You are viewing a plain text version of this content. The canonical link for it is here.
Posted to user@flink.apache.org by Pawel Bartoszek <pa...@gmail.com> on 2018/01/18 15:02:33 UTC
Scheduling of GroupByKey and CombinePerKey operations
Can I ask why some operations run only one slot? I understand that file
writes should happen only one one slot but GroupByKey operation could be
distributed across all slots.
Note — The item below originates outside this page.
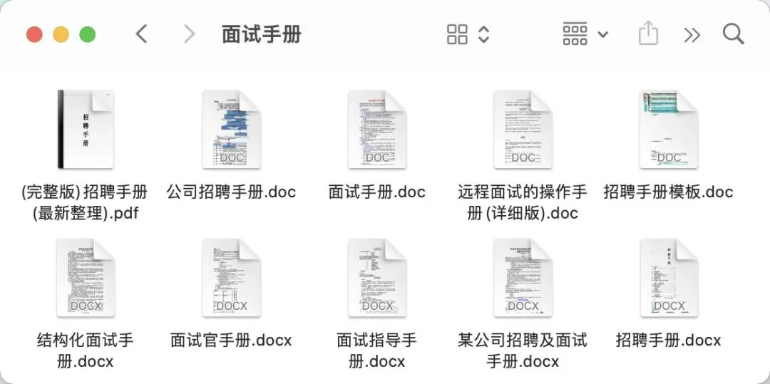 10份面试操作手册,帮助老HR快速建立企业招聘规范,帮助新HR快速上手工作。

I am having around 20k distinct keys every
minute. Is there any way to break this operator chain?
I noticed that CombinePerKey operations that don't have IO related
transformation are scheduled across all 32 slots.
My cluster has 32 slots across 2 task managers. Running Beam 2.2. and Flink
1.3.2
2018-01-18, 13:56:28 2018-01-18, 14:37:14 40m 45s GroupByKey ->
ParMultiDo(WriteShardedBundles) -> ParMultiDo(Anonymous) ->
xxx.pipeline.output.io.file.WriteWindowToFile-SumPlaybackBitrateResult2/TextIO.Write/WriteFiles/Reshuffle/Window.Into()/Window.Assign.out
-> ParMultiDo(ReifyValueTimestamp) -> ToKeyedWorkItem 149 MB 333,672 70.8 MB
19 32
00320000
RUNNING
Start TimeEnd TimeDurationBytes receivedRecords receivedBytes sentRecords
sentAttemptHostStatus
2018-01-18, 13:56:28 40m 45s 2.30 MB 0 2.21 MB 0 1 xxx RUNNING
2018-01-18, 13:56:28 40m 45s 2.30 MB 0 2.21 MB 0 1 xxx RUNNING
2018-01-18, 13:56:28 40m 45s 2.30 MB 0 2.21 MB 0 1 xxx RUNNING
2018-01-18, 13:56:28 40m 45s 77.5 MB 333,683 2.21 MB 20 1 xxx RUNNING
2018-01-18, 13:56:28 40m 45s 2.30 MB 0 2.21 MB 0 1 xxx RUNNING
2018-01-18, 13:56:28 40m 45s 2.30 MB 0 2.21 MB 0 1 xxx RUNNING
Thanks,
Pawel
Re: Scheduling of GroupByKey and CombinePerKey operations
Posted by Aljoscha Krettek <al...@apache.org>.
Hi,
What are the other stages in that program?
Best,
Aljoscha
> On 18. Jan 2018, at 16:22, Fabian Hueske <fh...@gmail.com> wrote:
>
> Hi Pawel,
>
> This question might be better suited for the Beam user list.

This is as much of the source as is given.